Jason, what application did you notice this with (ESRi ArcGIS perhaps)? Most Autodesk and Adobe products have been scaling wonderfully in XenApp to my experience and in this case it was about Revit and Adobe CC (guessing Photoshop/InDesign/Acrobat). Have you had any issues like that with either of those?

It’s very dependent on the amount of data that’s being placed in the frame buffer. AutoCAD and Revit are rather frugal, which makes them good XenApp candidates, but there are applications around which we have to be wary with. Adobe Illustrator for example expects 2GB per user, so in theory a couple of sessions and thats the GPU loaded, but if the utilisation isn’t there maybe XenApp is again a good choice…

Certainly it goes back to the old ways of just because one or two users work well, it doesn’t mean that 10 or more will and we should always test at scale. Being aware of just how much graphics memory is required for each session helps to determine what to expect.

Jason,
A bit of clarification, please, about your statement above regarding memory allocation:

The second user comes along and also takes 1.6GB, which is fine, when the 3rd user arrives,
they to take 1.6GB, then the 4th user starts a session, they need at least 1GB of framebuffer
for a good experience, but the other sessions don’t release their usage, the keep it, and user
number 4 get’s just 200MB of Graphics Memory and a poor experience.

In GPU passthrough mode, my understanding is that this works sort of like dynamic memory allocation (memory ballooning) in a VM. The first user gets as much memory as is needed, and so on with subsequent users until there is no more memory available. Does then the memory allocation shrink for each user or does it become a question of multiplexing users so that they end up effectively being swapped in and out? I am under the impression it’s the former. Just trying to get a better grip on the model of how this works.

The second question is how much overhead is there really with a XenApp running as a VM supporting a GPU vs. a bare meta installation? Clearly, there is a bit more overhead compared to a vGPU, since for GPU passthrough, the work has to be done by dom0 (hence, a good idea to run XenApp instances on servers independently of any other heavy-duty VMs). But for powerful servers, I at least do not get the impression that even for a VM vs. bare metal installation that this is a huge performance hit. It would be interesting to see load comparisons of, say, 16 users with similar applications connecting via GPU passthrouh vs. 16 vGPU-based sessions.

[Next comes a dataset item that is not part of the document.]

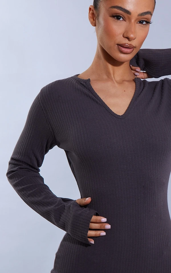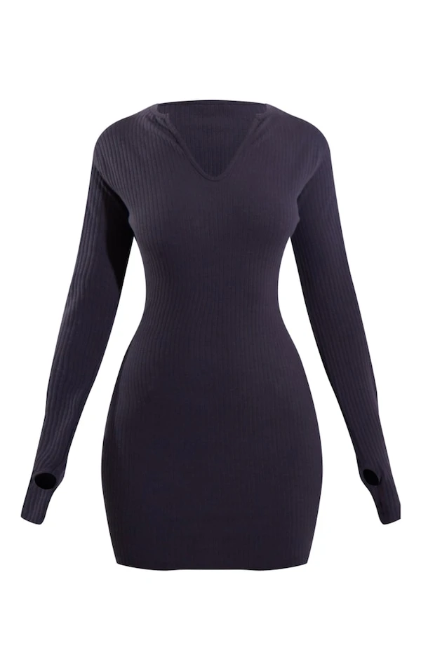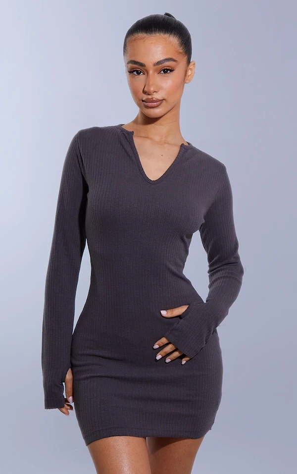 Petite Mini robe côtelée gris anthracite à manches longues et trous pour les pouces

From experience it’s the former, until the applications release their memory allocation they retain it. So swapping only occurs with the subsequent users that arrive once the memory is consumed.

It very much depends on how the applications manage their graphics memory, and whether they’re dynamic in releasing unused memory. Some are rather “greedy” and will grab as much as they can and hold onto it even when it’s not required.

Overhead is minimal, though you do have the additional load of running 16 OS instances vs 4 if using passthrough, or 1 in bare metal.
However with the decision by Citrix to cease further development on experimental support of Multi GPU in XenApp I can’t recommend considering bare metal (unless using a Single Quadro GPU)

http://support.citrix.com/article/CTX202148

Thank you, Jason, that was helpful. As to the swapping process, what happens to GPU memory that gets swapped out – where is it swapped to, and how efficient is that process?
Regarding the multiple GPUs per XenAPp, yes, I am aware that this will not be supported, which is a shame, hence it means the best bet is to probably run multiple XenApp instances under XenServer on a physical host to keep from needing too many physical servers.

Best regards,

System Memory, but if there’s insufficient, then in will page. How efficient it is depends on a number of factors. Ideally the traffic will not traverse QPI, so it’s predominantly down to how efficient is the PCIe/CPU/RAM on the mainboard. If it crosses QPI (less likely since the hypervisors have become better at handling VM placement with regards to NUMA) then the overhead will be greater.

Of course if it starts to page, then we introduce a host of other issues…

It is indeed a shame, it had great potential, but looks like the engineering required to keep it going was prohibitive.